I laughed aloud for upwards of ten minutes after reading that. My wife, on the other hand, failed to see the humor. This probably explains why men think The Three Stooges are hysterical, while women find them sophomoric and trite.


Do I seem drunk or something? It’s probably ’cause The Bag peer-pressured me into drinking a shot of a paint thinner-like substance at Aaron’s going away party.


Always back to the going-away party!


GET OVER IT, YOU WUSS!


All right, I will. But one more thing:


Spikey Mikey Patnik brought his girlfriend (hottie). Dhuse Dhuse brought his girlfriend (hottie). AndyJ brought his girlfriend (hottie). Aaron brought his wife (hottie). Sottosanti brought his girlfriend (hottie). And I was wedged in between Nate and The Bag, neither of whom I would do. Probably.


What’s with Magic nerds having hottie girlfriends? They have to know that they play Magic, and yet they, like, still like those dudes. Sup with that?


Yet another axiom of Magic-related folklore down the tubes. Next thing ya’ know, Magic will be on TV or something.


I built twelve Sealed decks last week or the week before (who remembers back that long ago?) and found that ten of them contained green and blue, with a third color splashed, which was red in eight of them and black in the other two. Know what this means? I bet you do. Go G/U/R in Sealed. If you can’t, then bad times for you. Of course, white/blue/something can still do well – er, okay, it can’t. If you can’t open good G/U/R cards, then you’d better hope to win a round or two, drop, and then go draft the rest of the day away.


And I knew this since the Prerelease.


And I knew that U/B/R was the shizzou in Invasion-only Sealed since the day of the Prerelease.


DeathRizzo: <—1683 Limited, which is good enough for 40th best in Maine.


Point: How can I know as early as or sooner than the greats of the game which colors are the best in straight Sealed and have nothing, save for a single Sealed Top Eight, to show for it?


Maybe I really do suck at Magic.


But I’m getting a fresh start.
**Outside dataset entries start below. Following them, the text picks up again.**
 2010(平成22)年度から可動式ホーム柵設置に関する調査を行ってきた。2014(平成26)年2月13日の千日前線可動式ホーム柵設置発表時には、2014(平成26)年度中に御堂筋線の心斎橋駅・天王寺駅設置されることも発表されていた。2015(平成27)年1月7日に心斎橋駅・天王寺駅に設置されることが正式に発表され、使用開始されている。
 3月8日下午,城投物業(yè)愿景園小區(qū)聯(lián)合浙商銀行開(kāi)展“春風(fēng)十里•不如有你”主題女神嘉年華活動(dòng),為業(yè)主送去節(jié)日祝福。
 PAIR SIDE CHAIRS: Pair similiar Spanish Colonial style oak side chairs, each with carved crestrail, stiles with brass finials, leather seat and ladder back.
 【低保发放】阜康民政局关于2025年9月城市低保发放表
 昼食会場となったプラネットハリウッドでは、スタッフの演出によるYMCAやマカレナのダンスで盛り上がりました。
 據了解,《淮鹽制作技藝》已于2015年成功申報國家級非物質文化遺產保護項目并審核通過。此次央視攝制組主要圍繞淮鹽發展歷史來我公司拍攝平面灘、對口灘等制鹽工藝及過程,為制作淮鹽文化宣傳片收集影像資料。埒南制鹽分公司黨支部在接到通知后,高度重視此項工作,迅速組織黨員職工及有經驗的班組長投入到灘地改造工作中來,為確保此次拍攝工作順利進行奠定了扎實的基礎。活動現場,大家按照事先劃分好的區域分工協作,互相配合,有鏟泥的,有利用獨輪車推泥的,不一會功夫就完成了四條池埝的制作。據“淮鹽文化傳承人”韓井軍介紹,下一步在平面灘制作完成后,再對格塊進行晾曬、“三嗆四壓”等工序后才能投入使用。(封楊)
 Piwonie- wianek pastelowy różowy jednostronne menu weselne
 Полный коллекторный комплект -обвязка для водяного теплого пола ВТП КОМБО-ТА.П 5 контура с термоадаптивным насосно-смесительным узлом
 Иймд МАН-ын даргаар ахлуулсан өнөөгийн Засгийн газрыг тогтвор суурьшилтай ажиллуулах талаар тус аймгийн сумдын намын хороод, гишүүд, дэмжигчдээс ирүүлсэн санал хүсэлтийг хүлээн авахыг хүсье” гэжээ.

It could suck, but then again, it could be very cool.


And I’m banking on it being very cool.


DISCLAIMER: I pretty much have to say stuff like that – otherwise, it could be me against the world, and I’m pretty sure that once the world got me in a headlock, it’d be bad times for Johnny.


I still wanna fight the world, but not all at once. And only if I get to wear one of those cool Karate getups with a black belt that Mr. Miyagi stole.


And with mints, sugar packets, and soap to back that azz up.


So, we finally get to our little cottage in Raymond; allow me to describe it to you in one – er, three – words:”The Evil Dead.” The only things missing are a few zombies, a shed full of power tools, and The Book of the Dead – I swear I saw Bruce Campbell cutting firewood out back. Hey, his name’s Bruce – maybe that explains where his acting career has gone: He listened to his, well… He listened to himself.


And another thing about that son of a bitch:


Bruce Campbell was making an appearance somewhere in the Pittsburgh area before I left. It was basically a publicity blitz for his new book, and to make sure that he did indeed sell many copies of said book, the flyer I saw clearly stated that he would sign his book and only his book. No movie posters or stills, no magazine covers, no nothing else: just his book… That I bet was conveniently on sale at the appearance site.


So, if you wanted to meet Bruce, or just shoot the breeze with him (or even if you just wanted to kiss his ass and tell him how much you love him and how you were astounded that he was shut out of an Academy Award for his”stellar” work in The Evil Dead trilogy), you had to pony up twenty beans for his book just for the chance to talk to him for the fifteen seconds that it takes him to scribble”To some random horror film loser fanboy – love, Bruce.”


Wow, does everyone suck?


Woo hoo – Johnny finally got to play Magic! And he only had to drive two-point some-odd hours to do so. There’s this little store thingy in North Chelmsford (what – you’ve never heard of North Chelmsford?!) in which the owner/head honcho/Grand Poobah invited a brother up in to play; said brother threw caution to the wind and packed up a few T2 decks and the never-leave-home-without-it Foily Five.


Now, The Artful Roger, he being the owner of said establishment, is a common kind of guy. I mean, he really likes commons – so much so that he built a million commons deck using only 7th Edition cards. Lone Wolf is the beating stick in this format. But Lone Wolf with Regeneration slapped on his back is about one hell of a lockdown. And there’s your tech.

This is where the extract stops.